Great! I had blamed it on the implementation (different language, different optimisations), but the differences were indeed specific for some atom types. That settles it then!
Btw, if you prefer working in Python the bindings are getting quite mature now. Enable them by configuring with --enable-python-binding
. I have to admit I have very little Python experience, but they compile without hassle (using Cython) and pass all my tests. The function testCalc() in bindings/pyhton/test.py should illustrate the the simplest use cases. If this is useful for you I would be happy for any feedback.
I saw them, will use them if we change our code as well. As of now, it's a simple unique call so, quite an overkill to use the bindings. But I'm happy to go over the code as soon as I have some time.

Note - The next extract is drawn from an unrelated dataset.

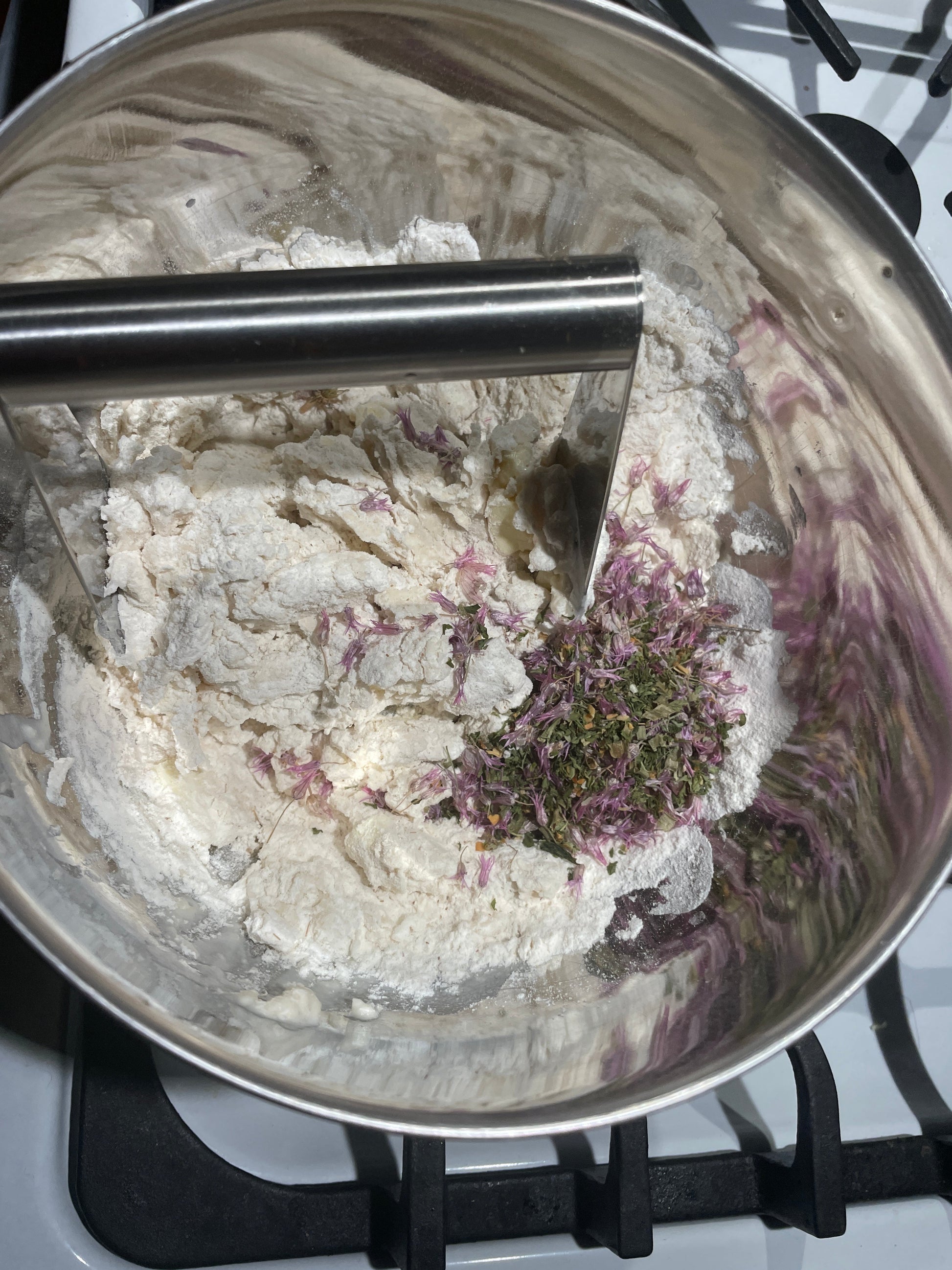 ½ Cup Whole Milk 2 Tbsp Cubbed Butter 1 Packed Chopped Chives & Flowers 1 Package Dumpling Mix

I have extended the file naccess.config to include nucleic acids, and exported the definitions to C code (using the script script/config2c.pl
) so that
$ freesasa -c share/naccess.config 1abc.pdb
will give the same output as
$ freesasa --radii=naccess 1abc.pdb
This means you don't have to keep track of the config-files, and additionally allowed me to add RSA output as an option. The command:
$ freesasa --radii=naccess --rsa-file=abc.rsa 1abc.pdb
will give an RSA-file very similar to that of NACCESS (run with the -b
flag). (I did it this way because I need a way of making sure the radii correspond to the reference values used to calculate the REL columns in the RSA file).
@mittinatten That makes things much easier alright, thanks!
Hi there,
Great library, exactly what I was looking for to replace an outdated dependency.
One suggestion: it might be less efficient, but it would be much easier to have a parameter file with the radii and classes for the calculations. As is, it takes a while to edit the code in classify.c/h .. Also makes it easier to run comparisons between different sets of parameters.